The integrated workflow begins with a geocellular model constructed by use of 3D seismic data, publicly available stratigraphic correlations from offset-vertical-pilot wells, and openhole-well-log data. The 3D seismic data were also used to characterize the spatial variability of natural-fracture intensity and orientation to build the DFN model. A recently developed complex fracture model was used to simulate the hydraulic-fracture network created with typical Eagle Ford pumping schedules. The initial production/depletion of the primary well was simulated by use of a state-of-the-art unstructured grid reservoir simulator and known Eagle Ford shale pressure/volume/temperature (PVT) data, relative permeability curves, and pressure-dependent fracture conductivity. The simulated 3D reservoir pressure field was then imported into a geomechanical FEM to determine the spatial/temporal evolution of magnitude and azimuth of the in-situ stresses.
Importing the simulated pressure field into the geomechanical model proved to be a critical step that revealed a significant coupling between the simulated depletion caused by the primary well and the morphology of the simulated fractures within the adjacent infill well. The modeling workflow can be used to assess the effect of interwell interferences that may occur in a shale field development, such as fracture hits on adjacent wells, sudden productivity losses, and dramatic pressure/rate declines. The workflow addresses the complex challenges in field-scale development of shale prospects, including infilling and refracturing programs.

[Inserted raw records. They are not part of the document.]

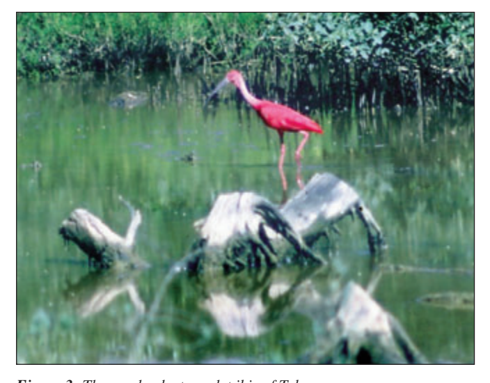
\textbf{\it Figure 3:}\ The\ resplendent\ scarlet\ ib is\ of\ Tobago.

As part of our "Green-Hell" tour from Manaus we were taken in a dugout up a nearby tributary (the Negro River) to a small lake. The main features were many cayman (freshwater crocodiles) and abundant water-lilies (Victoria lily) with leaves of an average of four feet in diameter (unique in the world for size, not a few reaching six feet in diameter.) They bore easily the weight of a pair of northern jacanas with their three young. (Jacanas are close relatives of our marsh rails but with exceptionally long toes). We fished for piranhas. When hooked
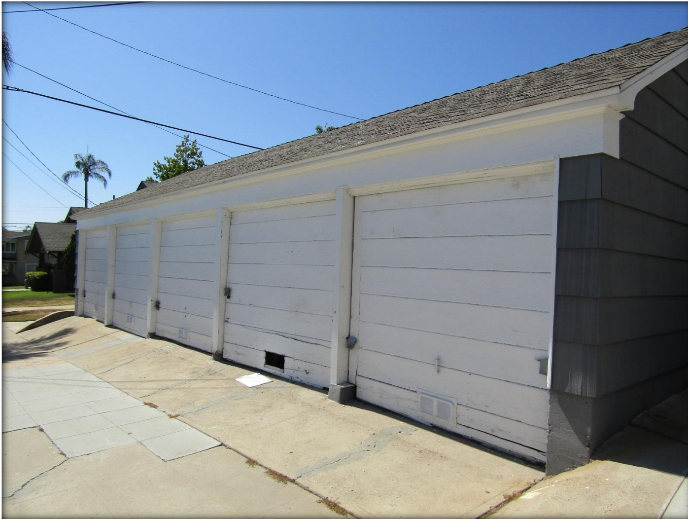
Garages – south elevation
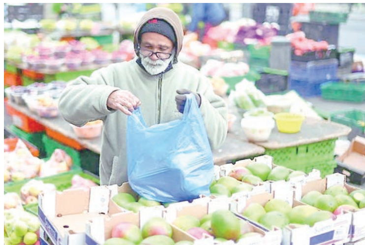
UK food price inflation rocketed in March to 19.1 per cent, hitting the highest level since August 1977. A man purchases fruit on a market stall in London.

Despite the efforts, official data this week showed that pay continues to grow more slowly than prices.—AFP
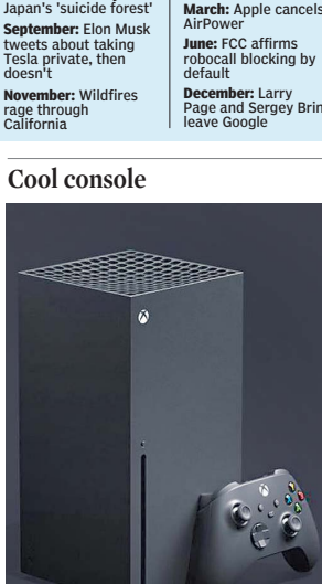
Xbox boss Phil Spencer revealed the next Xbox, previously known as Project Scarlett. It is called Xbox Series X, and it is launching next holiday season. It has a brand-new controller, and yes, you can use it horizontally.
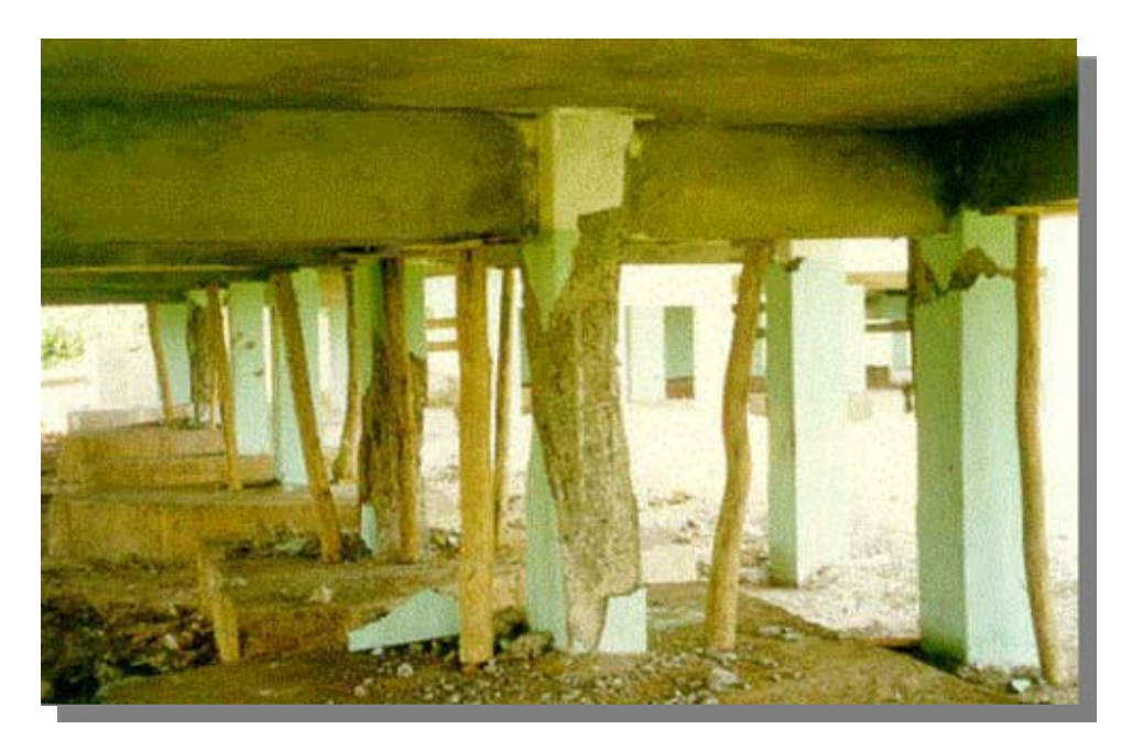
Figure 7 - Built on piles and stilt columns on the site of a previous pond, the new, still unoccupied Youth Hostel in Jabalpur suffered serious damage to its stilt columns.

3. Youth Hostel Building in Jabalpur. This is a C-shaped RC frame building built by the Central Public Works Department but not then occupied. It is located in the Ranital area of Jabalpur. The building is located where there originally was a pond. It is supported on piles, pile caps, and stilt columns. Above the stilt columns are two stories with brick masonry infill. The damage is concentrated only in the stilt columns; severe cyclic shear cracking in many columns was observed ( Figure 7 ). The soft story at the stilt level is clearly the primary reason for such severe damage.

The fundamental importance of this work is the ability to model pressure depletion and associated stress properties with respect to time (time between production of the primary well and fracturing of the infill well). The complex interaction between stress reduction, stress anisotropy, and stress reorientation with the DFN will determine whether newly created fractures propagate toward the parent well or deflect away. The technique should be implemented in general development strategies, including the optimization of infilling and refracturing programs, child well lateral spacing, and control of fracture propagation to minimize undesired fracture hits or other interferences.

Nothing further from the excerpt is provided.